Extracted data entries:
+===+

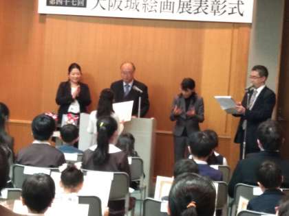 歴史と伝統のある「大阪城絵画展」の表彰式が大阪城天守閣の会議室でおこなわれました。栄えある表彰式では大阪城天守閣の北川央館長から本校の受賞者に賞状が手渡しされました。
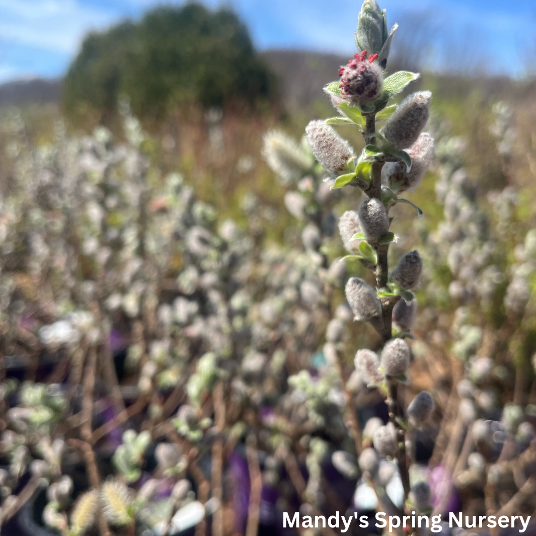 Iceberg Alley™, a native plant discovered by the Memorial University of Newfoundland and Labrador Botanical Garden. Powdery, silver foliage of this small shrub is a great addition to the landscape, adding texture and contrast when combined with other shrubs. Forming a rounded shrub and does not overtake the landscape, reaching a height and spread of about 5' (a bit shorter in very cold areas and a bit taller in warmer zones). It blooms in spring with silver catkins, red stamens and nectar for pollinators. Tolerant of moist soils and a good choice for rain gardens. Grows best in full sun and tolerates pruning beautifully. Consider cutting the stems in early spring for the decorative catkins.
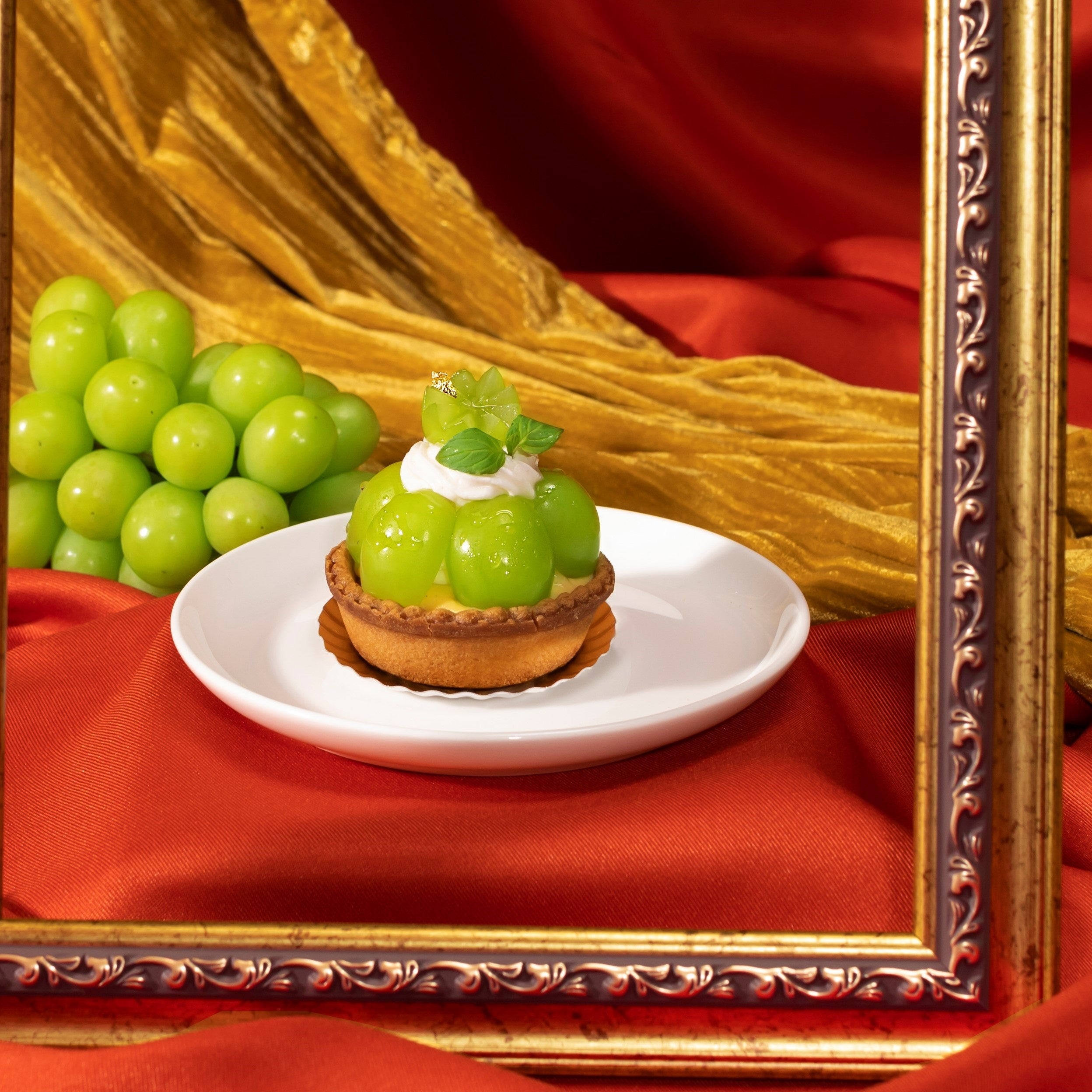 サクサクのタルト生地とカスタードクリームにシャインマスカットを贅沢に盛り付けた季節限定のタルトです。
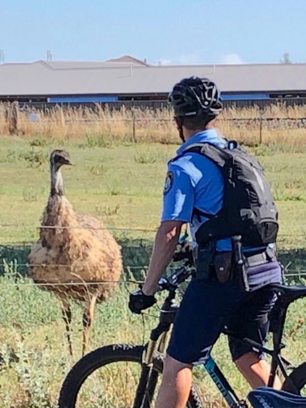 It looks like our officers had a wheelie good day! The Bike Training & Coordination Unit recently conducted a yearly re-accreditation course for our Bicycle Unit officers. This emu decided to make an appearance but sadly he was not emused by our two-wheeled contraptions.pic.twitter.com/GH9cYNWzoq
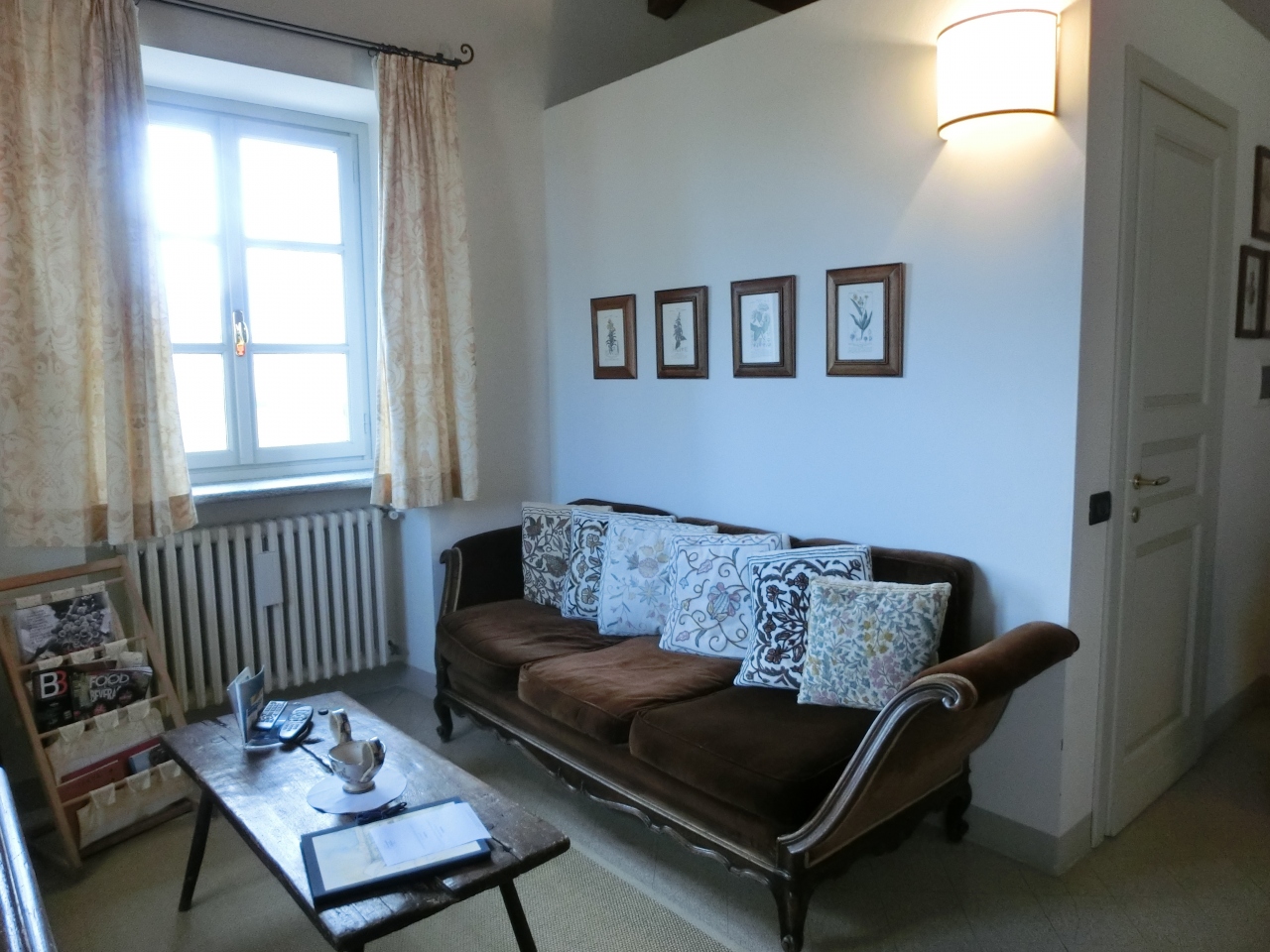 街の高台なので窓からランゲの丘や隣のカヴァッサの館(中世の貴族の館)も臨めます。
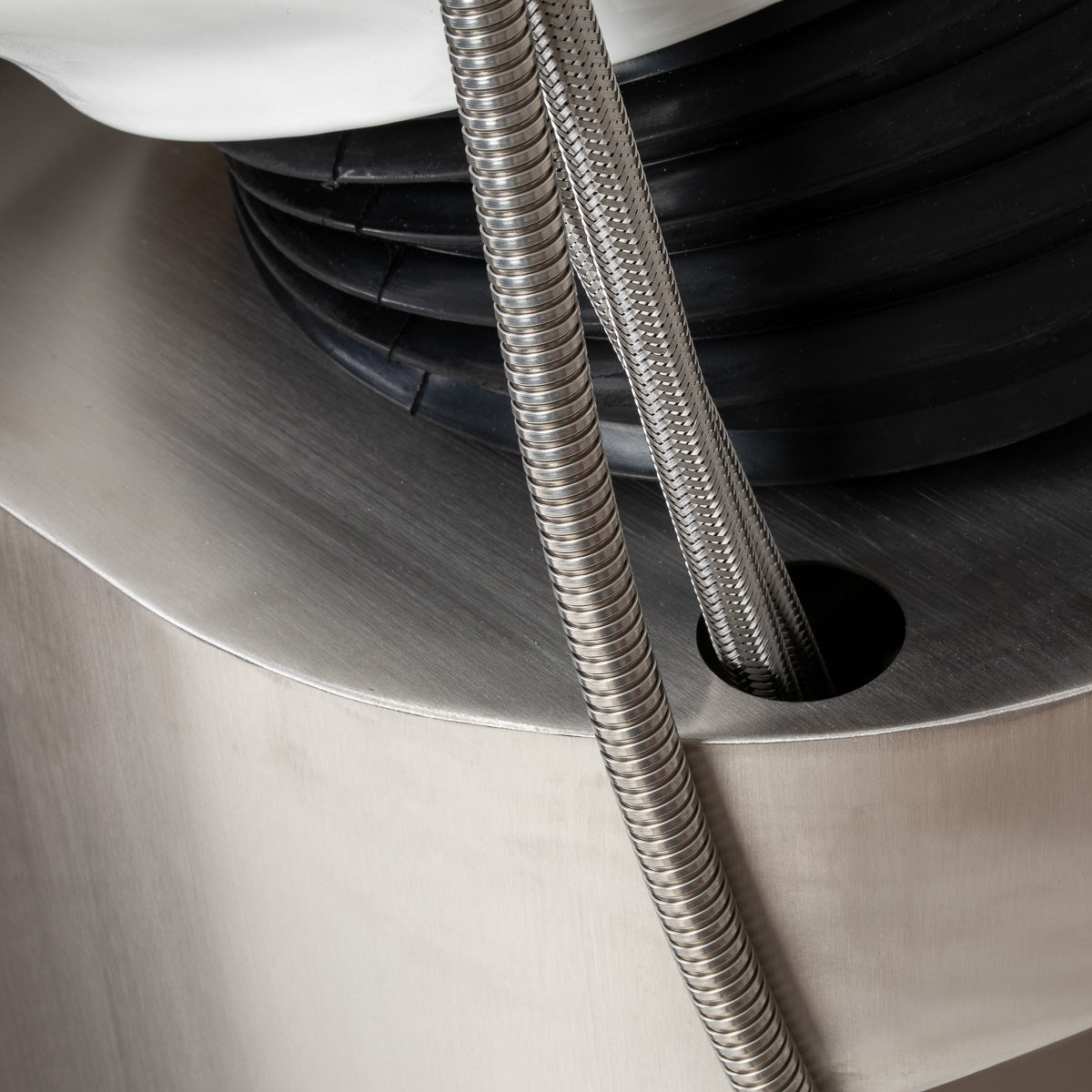 Plovimo įrenginys yra įrengtas maišytuvu, kuris suteikia nuolatinę karšto ir šalto vandens prieigą. Tai leidžia lengvai reguliuoti temperatūrą pagal kliento pageidavimus. Speciali vieta rankenėlei pakabinti palengvina darbą, o chromuotas kamštis su specialiu sieteliu leidžia kontroliuoti vandens srautą ir palaikyti aukštus higienos standartus salone. Vandens jungtis yra kolonos viduje po praustuvu, kas efektyviai slepia visas vamzdynus, o lengvai nuimamas skydelis suteikia patogią prieigą prireikus. Kėdė yra profiliuota, kad užtikrintų komfortą atliekant įvairias procedūras, o pakojis garantuoja puikią kojų atramą. Funkcionalumo ir patogumų derinys daro darbą kirpykloje dar patogesnį.
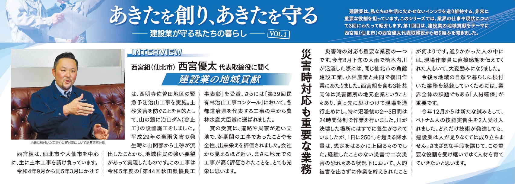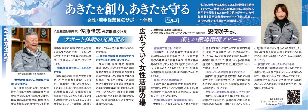 HOME > 記事・動画 > 建設業の魅力を紹介するシリーズ「あきたを創り、あきたを守る」(全3回)

+===+

* Prompt
Apart from the pictures, write every entry out again exactly.

* Written answer
 歴史と伝統のある「大阪城絵画展」の表彰式が大阪城天守閣の会議室でおこなわれました。栄えある表彰式では大阪城天守閣の北川央館長から本校の受賞者に賞状が手渡しされました。
 Iceberg Alley™, a native plant discovered by the Memorial University of Newfoundland and Labrador Botanical Garden. Powdery, silver foliage of this small shrub is a great addition to the landscape, adding texture and contrast when combined with other shrubs. Forming a rounded shrub and does not overtake the landscape, reaching a height and spread of about 5' (a bit shorter in very cold areas and a bit taller in warmer zones). It blooms in spring with silver catkins, red stamens and nectar for pollinators. Tolerant of moist soils and a good choice for rain gardens. Grows best in full sun and tolerates pruning beautifully. Consider cutting the stems in early spring for the decorative catkins.
 サクサクのタルト生地とカスタードクリームにシャインマスカットを贅沢に盛り付けた季節限定のタルトです。
 It looks like our officers had a wheelie good day! The Bike Training & Coordination Unit recently conducted a yearly re-accreditation course for our Bicycle Unit officers. This emu decided to make an appearance but sadly he was not emused by our two-wheeled contraptions.pic.twitter.com/GH9cYNWzoq
 街の高台なので窓からランゲの丘や隣のカヴァッサの館(中世の貴族の館)も臨めます。
 Plovimo įrenginys yra įrengtas maišytuvu, kuris suteikia nuolatinę karšto ir šalto vandens prieigą. Tai leidžia lengvai reguliuoti temperatūrą pagal kliento pageidavimus. Speciali vieta rankenėlei pakabinti palengvina darbą, o chromuotas kamštis su specialiu sieteliu leidžia kontroliuoti vandens srautą ir palaikyti aukštus higienos standartus salone. Vandens jungtis yra kolonos viduje po praustuvu, kas efektyviai slepia visas vamzdynus, o lengvai nuimamas skydelis suteikia patogią prieigą prireikus. Kėdė yra profiliuota, kad užtikrintų komfortą atliekant įvairias procedūras, o pakojis garantuoja puikią kojų atramą. Funkcionalumo ir patogumų derinys daro darbą kirpykloje dar patogesnį.
 HOME > 記事・動画 > 建設業の魅力を紹介するシリーズ「あきたを創り、あきたを守る」(全3回)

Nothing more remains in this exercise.